MacDailyNews Take: Graeme, here’s what you do: drag PowerPoint to the Trash and use Keynote instead. You have a Mac, so take advantage of it. But, again, we digress.

Philipson continues, “But what is the Mac like to use? In every department, it beats the PC hands down. The machine itself is quite handsome. The file structure and the way all the utilities work are different, but very easy to get used to and far more intuitive than with Windows.

“That’s the way it is with just about everything on the Mac, you plug it in and it works. Now, none of this is news to Mac users. They have been smugly asserting for years that the Mac is better and easier. I have often criticised Apple over the years, and commented on the Mac’s declining market share, but I have always acknowledged its technical superiority,” Philipson reports. “I was for many years of the opinion that Windows was good enough, and that the advantages of a much greater choice of software and the ready availability of technical support – not to mention the lower cost – made it the more sensible choice. But I eventually tired of the endless reboots, the constant threat of viral infection, and the incredibly clunky nature of Windows. I live on my computer, for work and play, and it’s important to have the best. Once the Mac went with the Intel processor, my mind was made up.”

Philipson writes, “That means that the Macs can now run Windows. I could set my machine up to boot Windows if I wanted, but I can’t see any reason to do so. I need to run the odd Windows application (my wine cellar software is the most important), but my old PC, now relegated to a corner of my desk, can do that. I can see absolutely no reason why anyone should not run a Macintosh. Microsoft ties itself in knots trying to get Vista to market, while Apple has a better operating system now.”
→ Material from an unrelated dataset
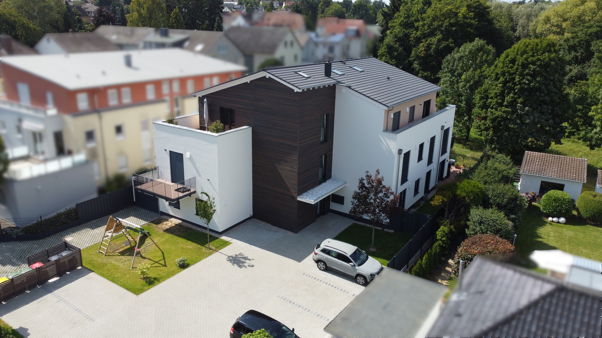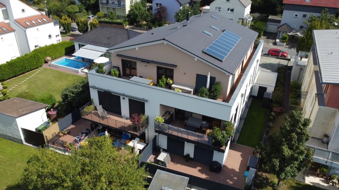 Alle Wohnungen haben eine hochwertige Innenausstattung und sind über großzügige Außenbereiche in Form von Balkonen, Terrassen oder Dachterrassen mit Blick auf das angrenzende Naherholungsgebiet ausgerichtet.

MacDailyNews Take: Boy, some of these Mac newbies sure love that they have “Intel Inside” even though Mac OS X Tiger is exactly the same thing with PowerPC inside (unless you plan to run Windows at native speeds, of course – which Philipson doesn’t plan to do). We could hand him a PowerBook G4 and he wouldn’t know the difference. Oh well, whatever it takes to get them to finally switch, we guess… and, yes, we digress.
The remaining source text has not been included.